Google Books really is a splendid resource, and it is getting to the satge now that undergraduate students can probably find enough information on it to not have to read any real book at all for assignments.  Margaret Davies has a chapter in The Bible in Human Society called "On Prostitution" (pp225-49) and it is that piece of work that I knew I would find soon after submitting my thesis that I would have loved to be able to interact with in my thesis.  But such is life!  Only the first part of the essay is visible via Google Books, but there is enough in there to still be a very worthwhile read.  I was very interested that for a feminist biblical scholar she seemed intent on interpreting the biblical evidence in the worst possible way.  This may reflect my own personal bias but I think there is something extraordinary about the Bible in its historical context that means that its message seems to be more contrast than correspondence with the misogyny of the world around it and should be interpreted accordingly.  Her all too brief but very interesting treatment of 1 Cor 6:12-20 (p240) fits in well with my own thesis.

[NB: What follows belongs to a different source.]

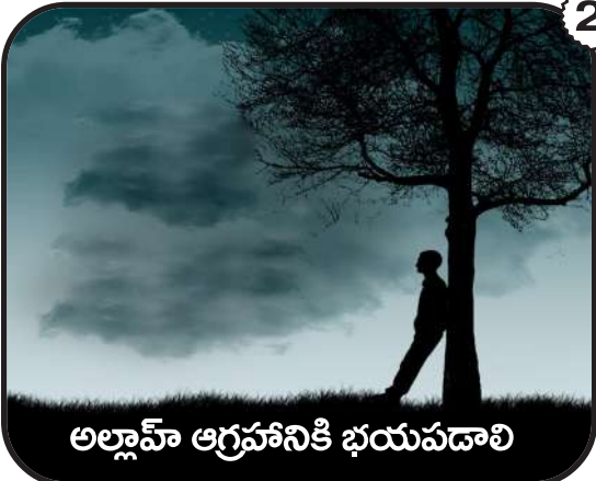
అల్లాహ్ ఆగ్రహానికి భయపడాలి

Edited, Printed & Published by S.M. Mallick on behalf of Telugu Islamic Publications, Typeset at "Geeturai Graphics", Printed at Cosmic Printers, Lakkadkot, Hyderabad-2, RNI R.No.37796/81, Postal Regn. No.HSE/422/2023-2025 Phone: 24564583. e-mail: geeturaiweekly@gmail.com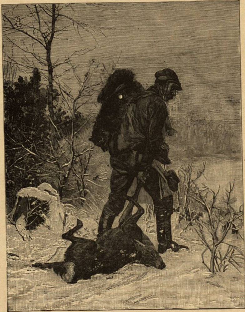
Un cazador furtivo

15. La huella limpia. —Cuando los venados pasan por terrenos areniscos, estando éstos húmedos, marcan la huella perfecta, y se le da el nombre de huella limpia ; la de la hembra está más borrosa, porque no va tan cerrada.

She also briefly touches on Dio Chrysostom's treatment of prostitution (p242) and gives him credit for trying to marshall public opinion against the exploitation of prostitutes in the 2nd century while the Christians did no such thing.  To which I would respond, 1) the Christians were in no position to do any such thing, and 2) my own analysis of Chrysostom's argument does not put him in such a noble light although Davies' statement is essentially true, her failure to even refer to the particular passage of Chrysostom's (it would be Discourse 7:133-37) suggests she may not have read it herself yet.